→ Directions for this task:
Without its pictures, the listing below is to be transcribed exactly.

→ Input data:

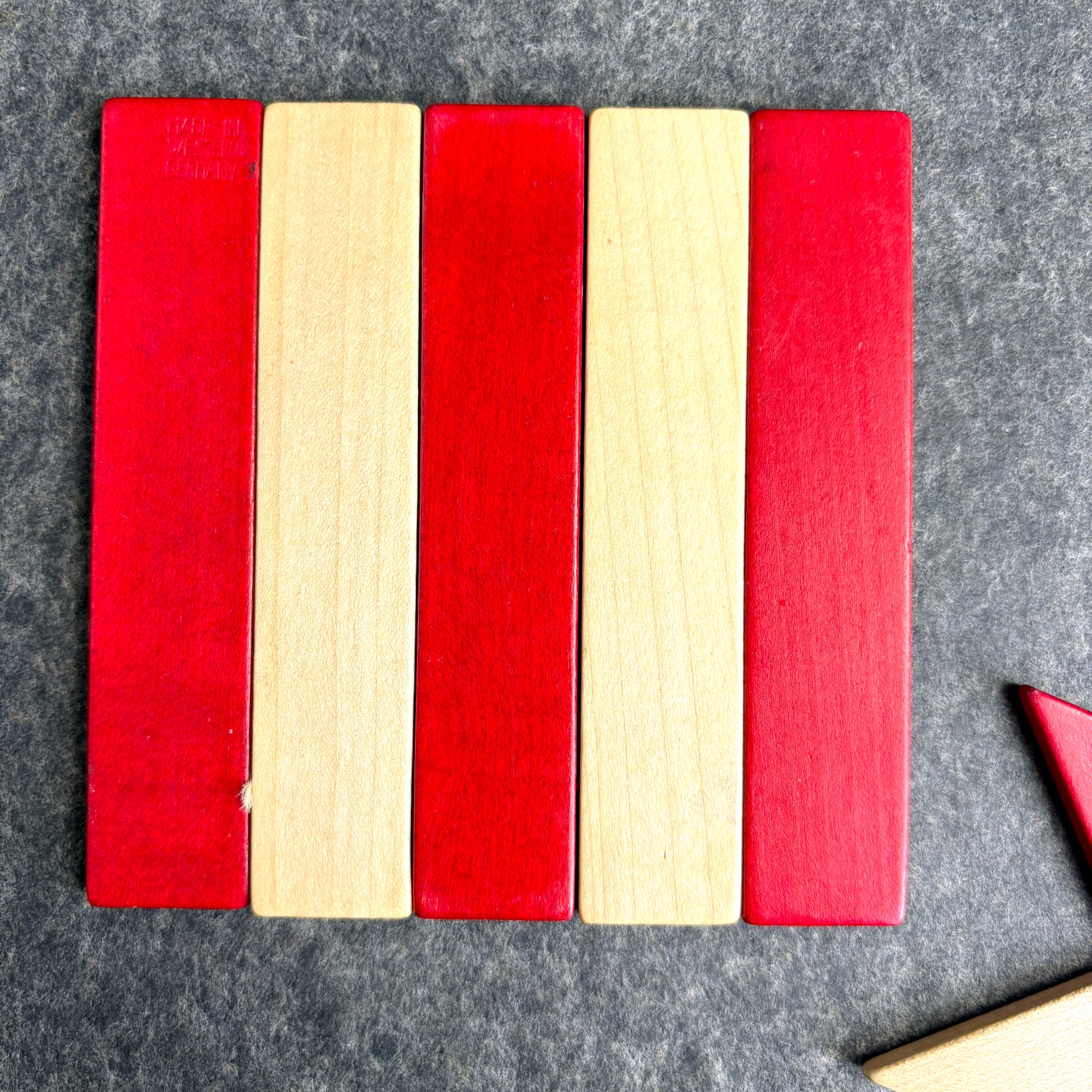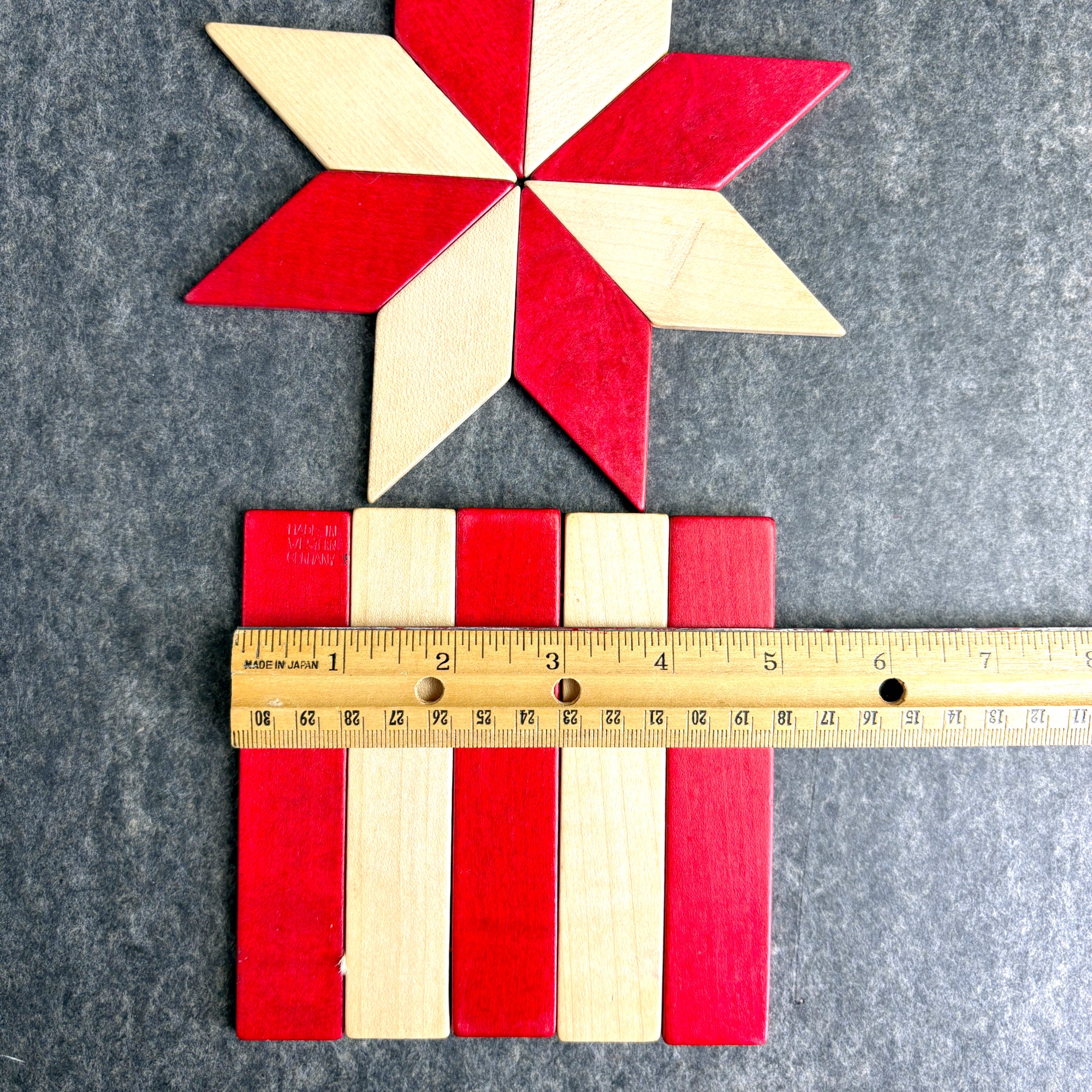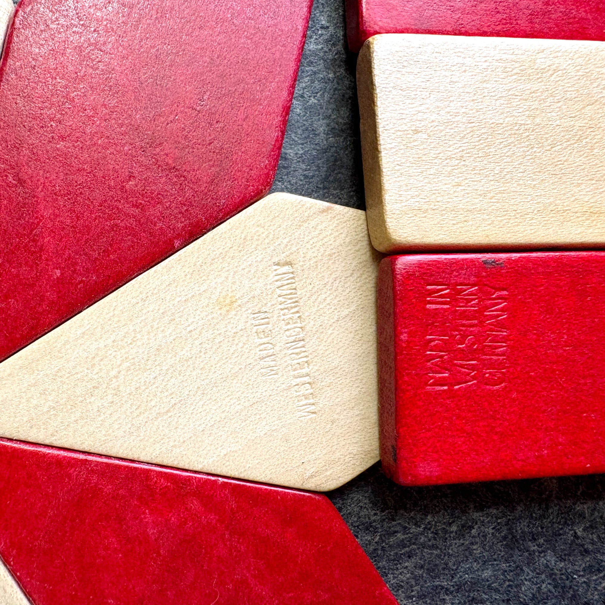 Pair of red and natural wood patchwork pattern trivets, made in Western Germany. Red stained and natural wood pieces are sewn together to make a flexible trivet to save your surfaces. Satiny smooth finish.
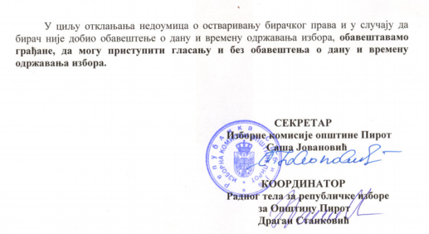 Danas smo od Dragana Stankovića, koordinatora Radnog tela za republičke izbore za Opštinu Pirot saznali sve detalje koji karakterišu izbore , kada je u pitanju broj upisanih birača, biračkih mesta, rad sa članovima biračkih odbora... Uz sve to, stigla je još jedna poruka za gradjane.
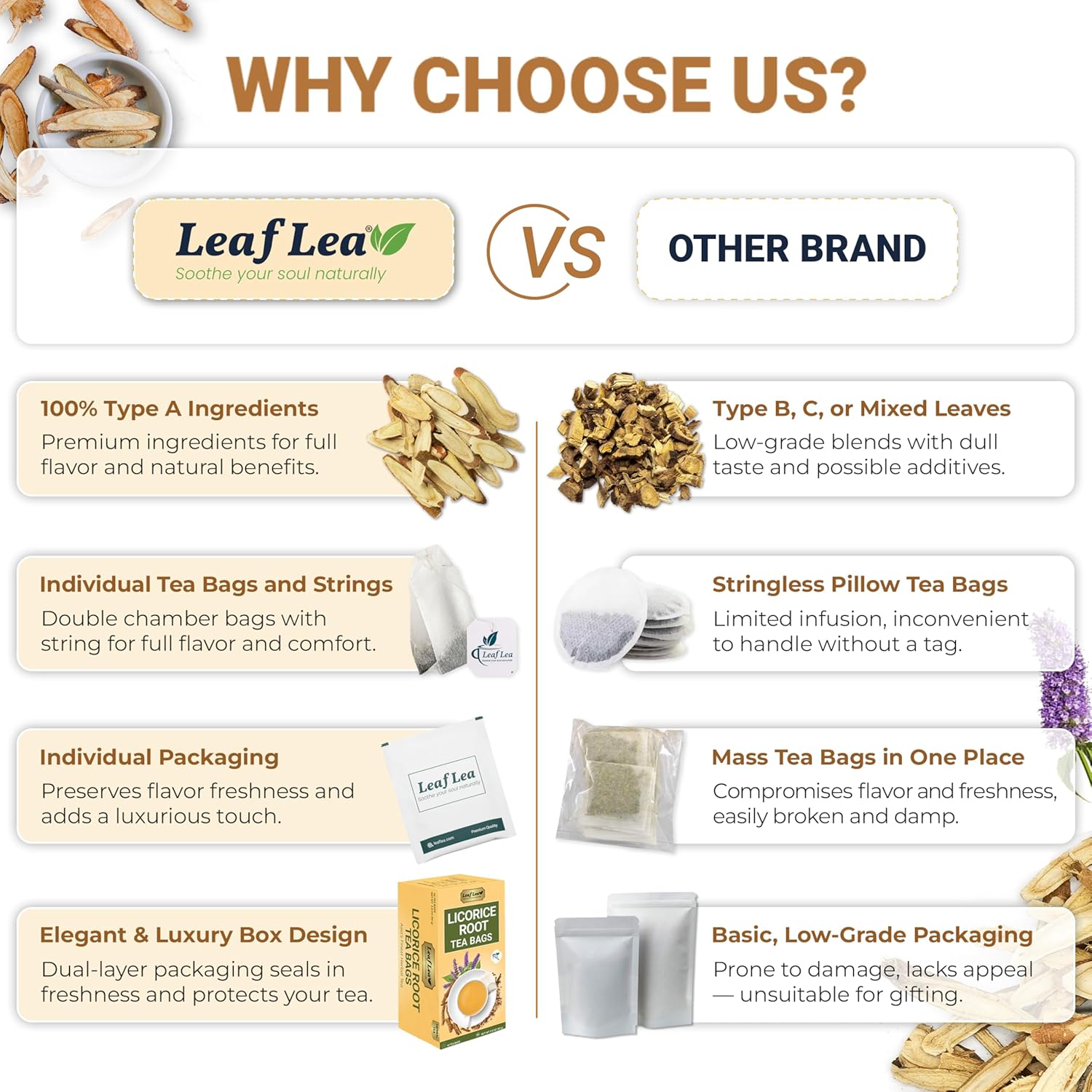 - Convenience in Every Cup: Each LeafLea Licorice Tea bag is carefully sealed to preserve the rich, soothing taste of real licorice root. Neatly stored in a durable box, it’s perfect for daily use at home, easy to carry on-the-go, or shared as a gift.

→ Written solution:
 Pair of red and natural wood patchwork pattern trivets, made in Western Germany. Red stained and natural wood pieces are sewn together to make a flexible trivet to save your surfaces. Satiny smooth finish.
 Danas smo od Dragana Stankovića, koordinatora Radnog tela za republičke izbore za Opštinu Pirot saznali sve detalje koji karakterišu izbore , kada je u pitanju broj upisanih birača, biračkih mesta, rad sa članovima biračkih odbora... Uz sve to, stigla je još jedna poruka za gradjane.
 - Convenience in Every Cup: Each LeafLea Licorice Tea bag is carefully sealed to preserve the rich, soothing taste of real licorice root. Neatly stored in a durable box, it’s perfect for daily use at home, easy to carry on-the-go, or shared as a gift.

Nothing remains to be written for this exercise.